Data shown:

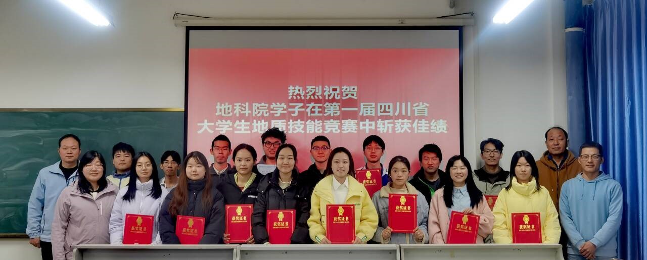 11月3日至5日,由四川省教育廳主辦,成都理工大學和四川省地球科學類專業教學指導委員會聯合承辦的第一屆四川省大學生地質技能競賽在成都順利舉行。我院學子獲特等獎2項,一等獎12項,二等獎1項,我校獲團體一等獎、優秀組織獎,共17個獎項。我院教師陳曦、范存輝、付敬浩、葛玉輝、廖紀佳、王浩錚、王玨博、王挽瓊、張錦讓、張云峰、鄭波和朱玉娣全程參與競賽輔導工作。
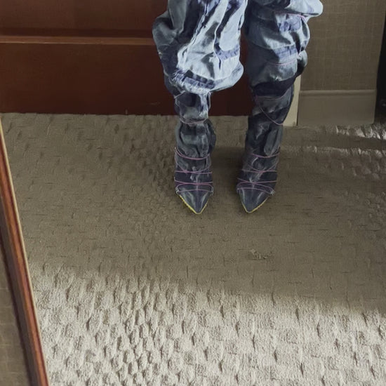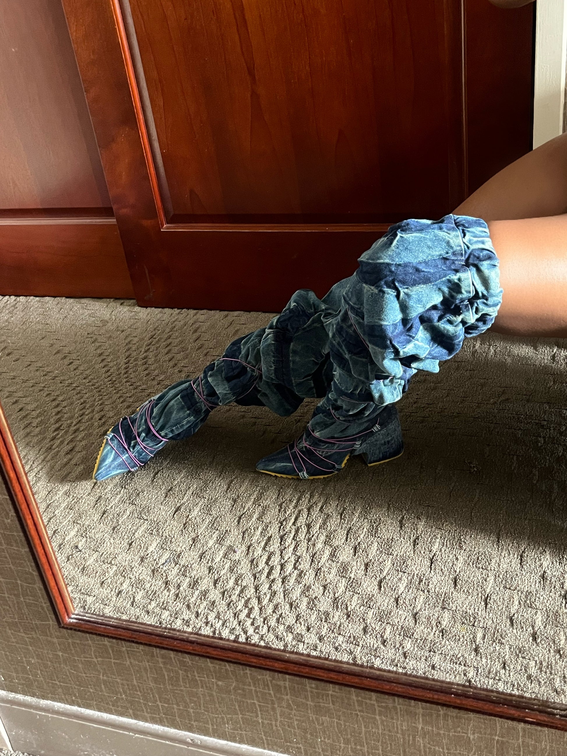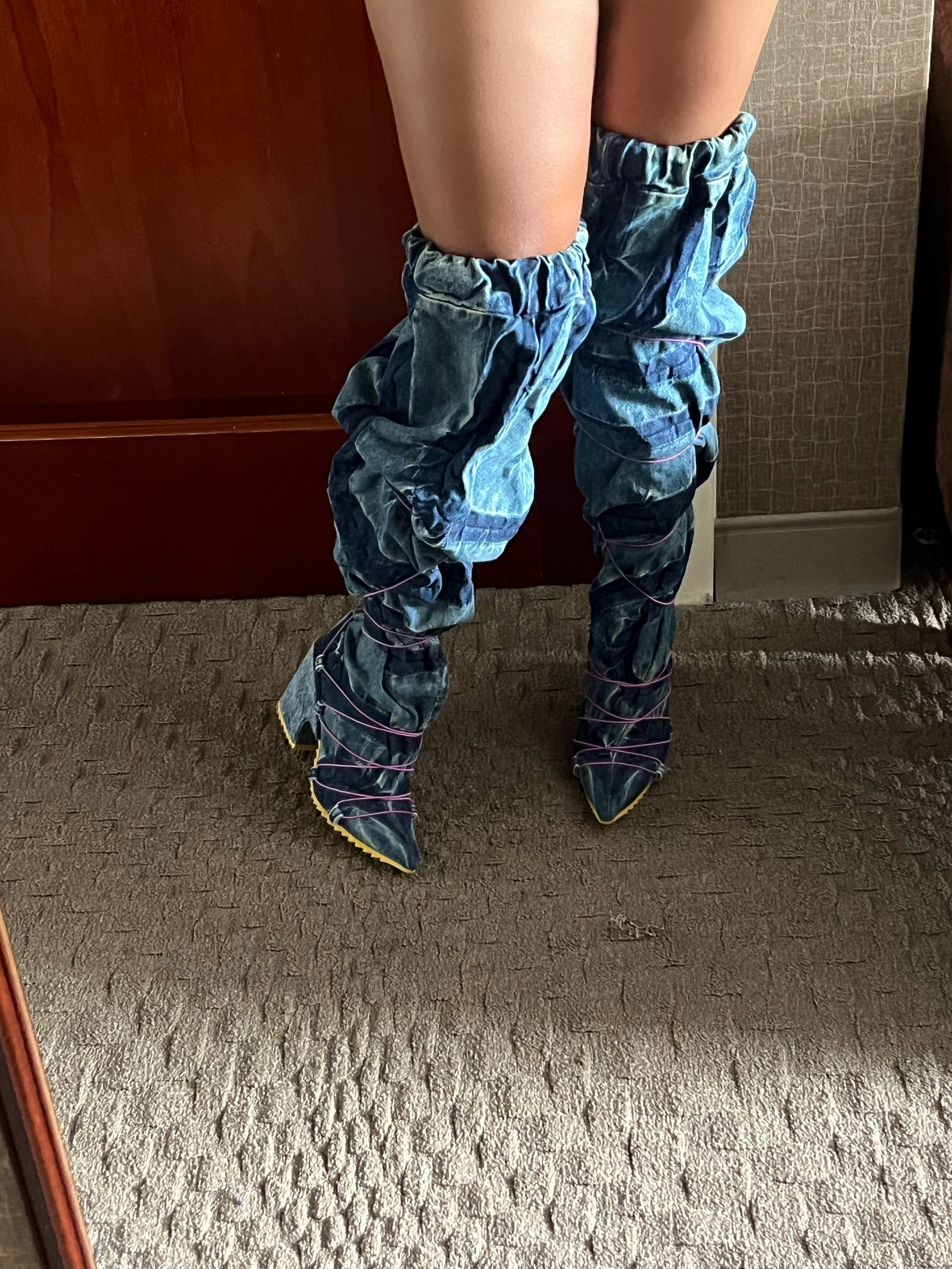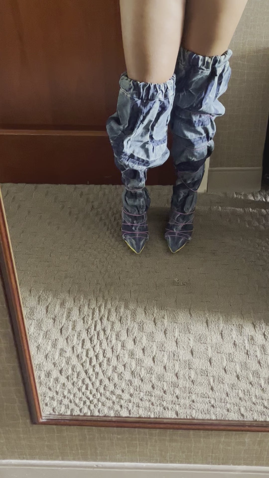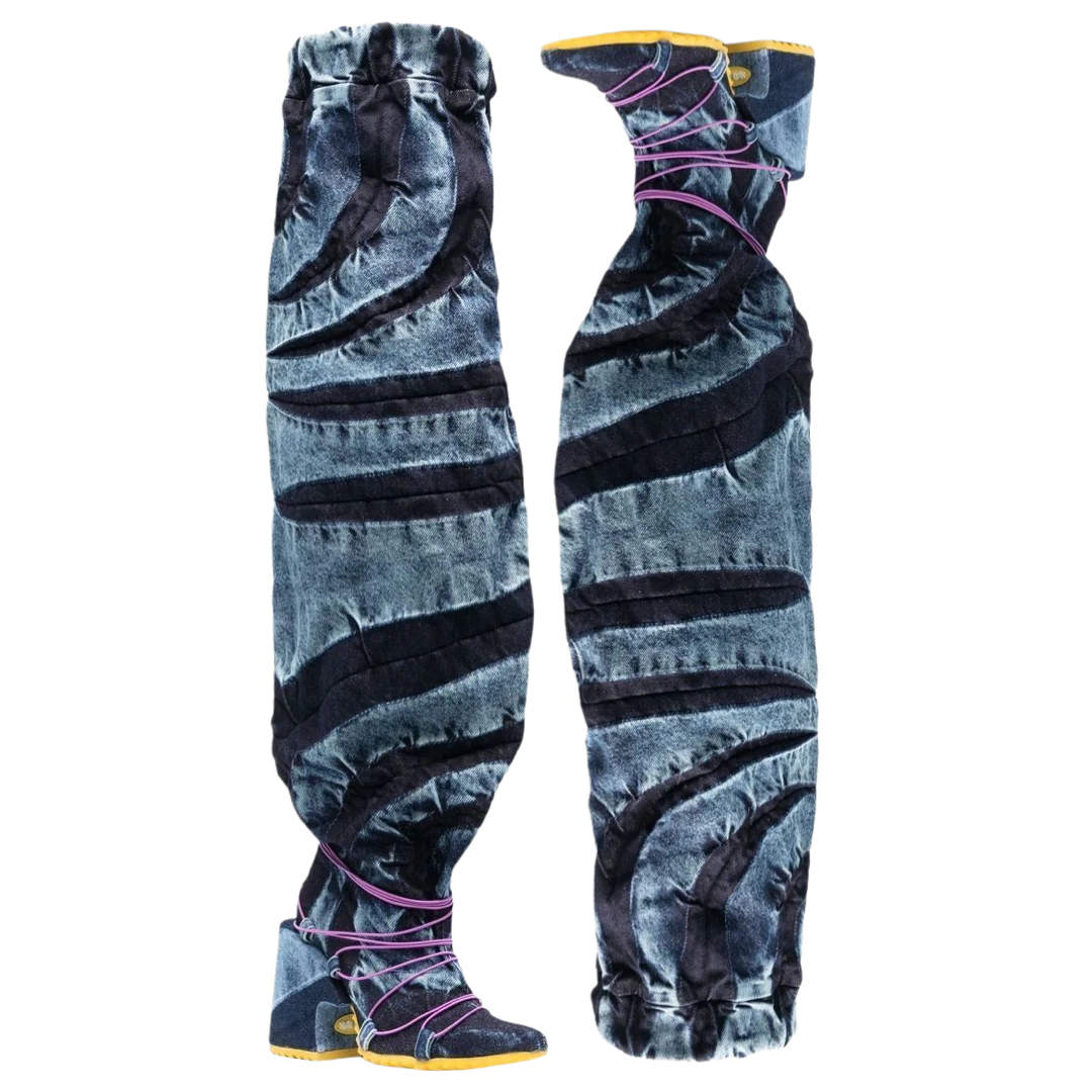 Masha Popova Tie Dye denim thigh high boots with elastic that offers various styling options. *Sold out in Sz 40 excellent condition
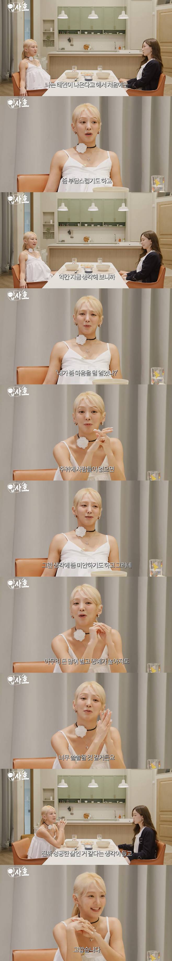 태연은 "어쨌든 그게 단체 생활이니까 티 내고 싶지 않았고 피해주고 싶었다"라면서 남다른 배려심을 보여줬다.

Exercise aim:
Please retype the whole of the data precisely, omitting pictures.

Solution to the problem:
 11月3日至5日,由四川省教育廳主辦,成都理工大學和四川省地球科學類專業教學指導委員會聯合承辦的第一屆四川省大學生地質技能競賽在成都順利舉行。我院學子獲特等獎2項,一等獎12項,二等獎1項,我校獲團體一等獎、優秀組織獎,共17個獎項。我院教師陳曦、范存輝、付敬浩、葛玉輝、廖紀佳、王浩錚、王玨博、王挽瓊、張錦讓、張云峰、鄭波和朱玉娣全程參與競賽輔導工作。
 Masha Popova Tie Dye denim thigh high boots with elastic that offers various styling options. *Sold out in Sz 40 excellent condition
 태연은 "어쨌든 그게 단체 생활이니까 티 내고 싶지 않았고 피해주고 싶었다"라면서 남다른 배려심을 보여줬다.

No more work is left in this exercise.